Only in Japan, where government policy is to discourage rice production because of a diet change to more bread and bulging government-subsidized stocks, prices have been falling in recent months. Rice production has been declining on an area reduced by 20 percent since 1994-1995. But last fall the government bought a quarter of a million tons for its stockpile behind highly protected tariffs and quotas even though the levels are based on minimum access obligations for imported rice under the GATT agreement.

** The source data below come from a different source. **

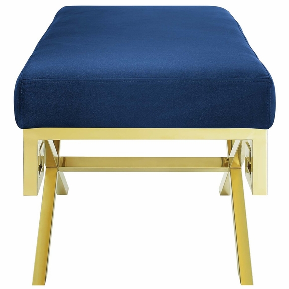 Embrace modern whimsy with Rove Performace Velvet Accent Bench. Brimming with energy and a sleek modern look, Rove features a polished gold stainless steel base with a Greek Key design, dense foam padding, and a soft stain-resistant performance velvet polyester upholstered top. A striking statement piece in the living room, bedroom or lounge area, Rove can support up to 331 pounds and comes with foot pads to help protect your flooring.
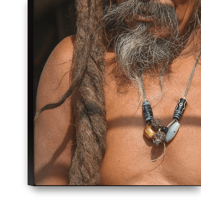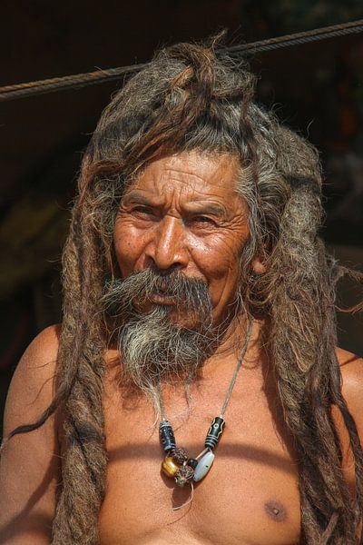 Zijn haar is zo lang dat hij er zonder moeite op kan staan en met zijn zongebruinde en doorleefde verschijning aanschouwt hij alles wat er aan hem voorbij…
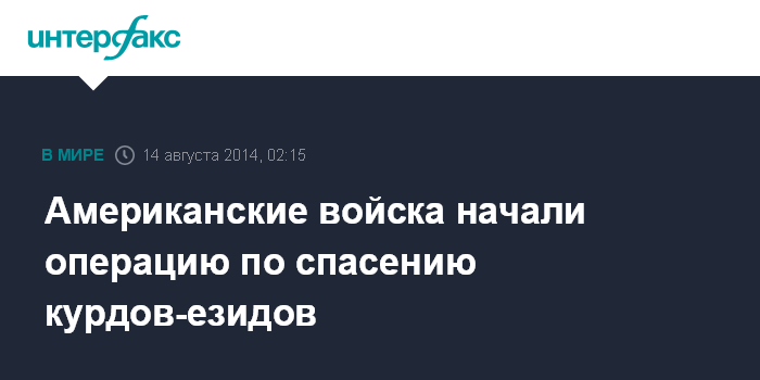 Москва. 14 августа. INTERFAX.RU - Пентагон заявил, что американские войска специального назначения вылетели к вершине горы Синджар на северо-западе Ирака, сообщило агентство Associated Press.
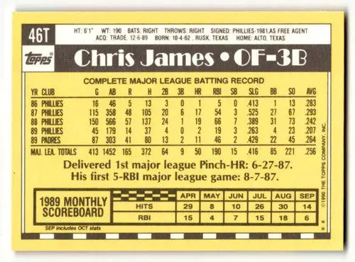 1990 Topps Traded #46T Chris James Cleveland Indians Baseball Cards ID:53973
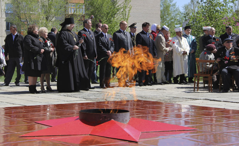 Как всегда рядом стояли православный священник и имам Восточной зоны, ведь очень много мусульман-тружеников тыла еще живы и ждали слово поминовения и благодарности от муллы. Батюшка вновь говорил о том, как мало осталось их, ветеранов войны, и что мы обязаны вспомнить их всех поименно и склонить голову в благодарность за Великую Победу.
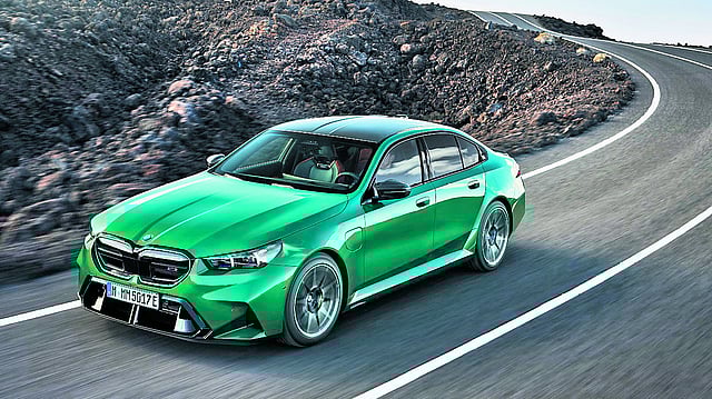 A standout feature is the M Carbon Roof, which reduces the car’s weight by over 30 kilograms compared to the panoramic glass sunroof variant. This lightweight roof also lowers the vehicle’s center of gravity, accentuating the all-new M5’s sleek, low-slung profile. Part of the M Carbon exterior package, the roof is complemented by carbon-fiber mirror caps and a rear spoiler. Alternatively, customers can opt for the panoramic glass sunroof, designed as a body-integrated module. At the rear, the signature M twin exhaust tailpipes, finished in Black Chrome, seamlessly blend into the rear apron. The car also rides on striking M light-alloy wheels, measuring 20 inches (285/40 ZR20) in the front and 21 inches (295/35 ZR21) at the rear, enhancing its dynamic stance. Braking is handled by standard M Compound brakes, with an option for advanced M Carbon ceramic brakes.
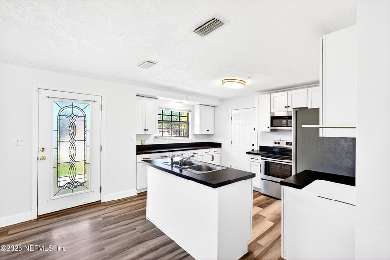 Listing details for 666 Edgewood Ave, Jacksonville, FL 32208 : Charming 3-bedroom, 1-bath brick home with a one-car garage in a convenient Jacksonville location! This well-maintained home features new flooring and fresh paint, a bright and functional layout with separate living and dining areas, and a covered sunroom that can serve as a flex space for an office, playroom, or extra living area. The upgraded kitchen boasts stainless steel appliances and modern finishes, complemented by luxury vinyl plank flooring throughout. Enjoy the oversized fenced yard..perfect for pets, gardening, or outdoor entertaining. With a newer roof and thoughtful updates, this move-in-ready home combines comfort, style, and convenience.
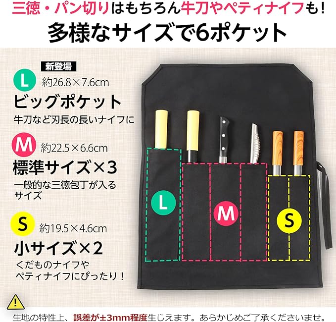 【6本収納・工夫の設計】6つの包丁ポケットあり、大小様々な包丁を手軽に収納可能です。主に牛刀包丁・菜切包丁・ペティナイフ・刺身包丁で考慮致したポケットタイプです。小さなサイズのポケットもありペティナイフ等も収納しやすいです。布巻きができやすいよう他社製品よりもポケットの幅に数ミリの厚みを持たせる工夫も行っており、商品は日々改善しております。
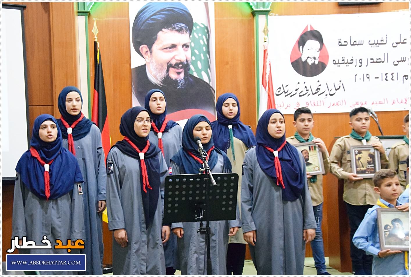 اقامت حركة امل منطقة برلين ذكرى اختفاء الامام السيد موسى الصدر والشيخ محمد يعقوب والاستاذ عباس بدر الدين . في مركز الامام موسى الصدر الثقافي ، افتتح المهرجان بتلاوة من الذكر الحكيم بصوت الاخ محمد بشير ، وقامت فرقة طلاب مدرسة الامل والرسالة بالقاء النشيدين اللبناني والالماني ونشيد حركة امل ، كلمة حركة أمل القاها الاخ الحاج علي خريس ، بحضور الاخوة من الجالية اللبنانية والجمعيات والاحزاب وعلمائنا الافاضل وسعادة السفير السوري والعراقي والقنصل حمزة جمول ، وكلمة للسفير اللبناني في المانيا الدكتور مصطفى اديب وقام بالتعريف الاخ الحاج ابو علي حسن فركوح وقصيدة للشاعر طانيوس كنعان ، وكان عرض لفرقة كورال الصدر لكشافة الرسالة الاسلامية برلين .
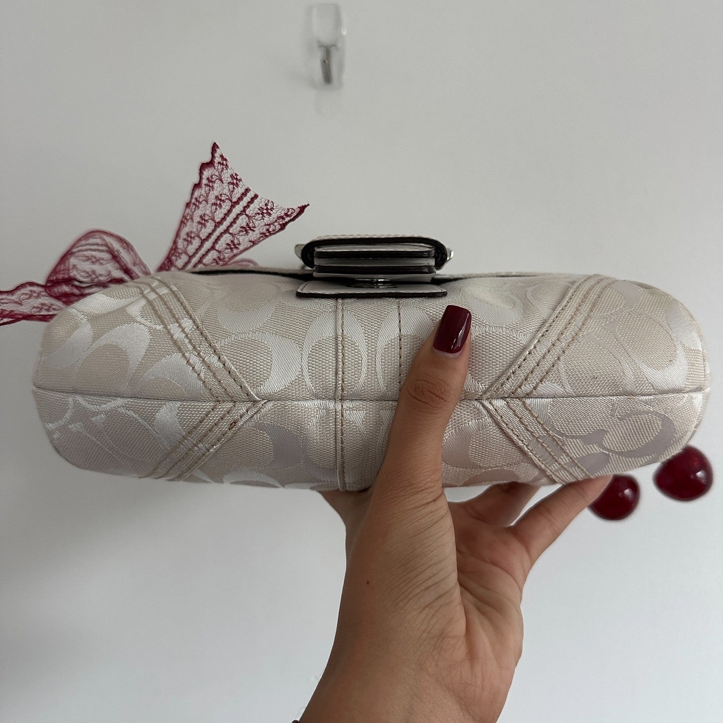 Y2K Coach white monogram Soho bag, in amazing condition. Featuring the iconic monogram pattern, this bag offers a sleek and stylish look perfect for any occasion.
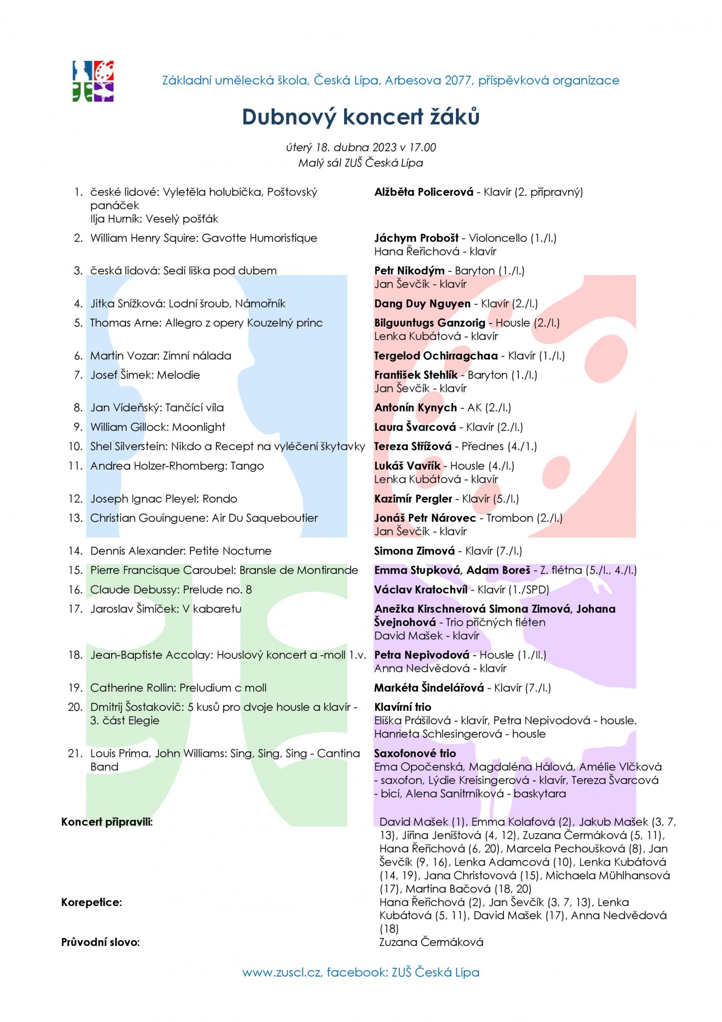 Další společný koncert žáků z celé školy uvedeme 18. dubna 2023 v 17 hodin na Malém sále. Srdečně zveme příbuzné, přátele a fanoušky našich nadaných žáků a studentů.
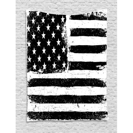United States Tapestry, Grunge Aged Black and White American Flag Independence Fourth of July Decor, Wall Hanging for Bedroom Living Room Dorm Decor, 60W X 80L Inches, Black White, by Ambesonne
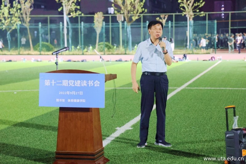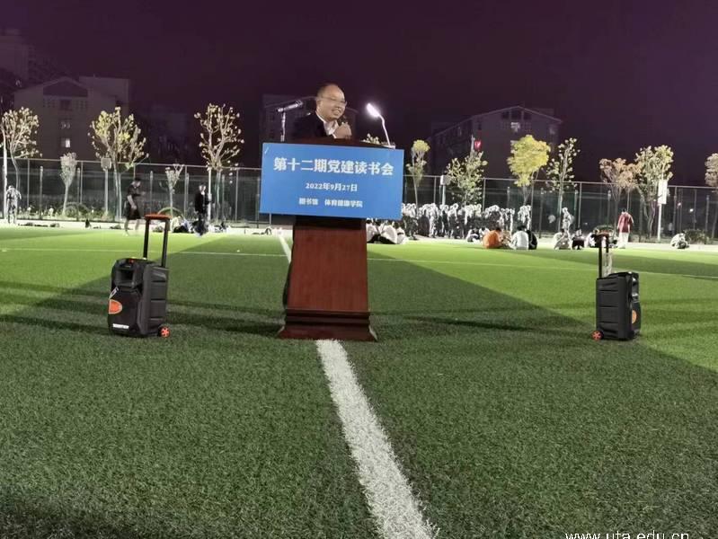 本网讯(图书馆通讯员 陈茂)9月27日晚间,由图书馆和体育健康学院联合举办的“席地而坐·斯文在兹”第十二期党建读书会在学院田径体育场顺利举行。院党委书记李方泽,党委委员、副院长杨林国与其他书友一道,席地而坐、同享阅读之乐,畅谈阅读感悟。本期读书会由图书馆馆长陈纲主持。

Although the United States produces less than 2 percent of the world's rice, it is a major exporter, accounting for 10-12 percent of the annual volume of global rice trade. Latest U.S. Department of Agriculture estimates of exports for 2007/08 were raised by a million tons. The stronger forecast lowered the stocks forecast by 4 percent to the lowest since 1980/81. Despite domestic rice prices being at their highest since 1980/81, U.S. acreage for rice due to seed supply issues in 2007-08 declined. Record yields helped offset some of the drop in planting area. But rice remains one of the more expensive crops to plant, and even more so with rising fuel and fertilizer costs. Once the new federal farm bill is implemented, this could influence U.S. acreage planted in 2009.
“There is less land, less water and less labor available for rice growing across Asia,” said Duncan Macintosh, director of the International Rice Research Institute in Manila. “Agricultural labor in countries like Thailand is increasingly shifting to industrial sectors. And rice is the most labor- and water-intensive crop.”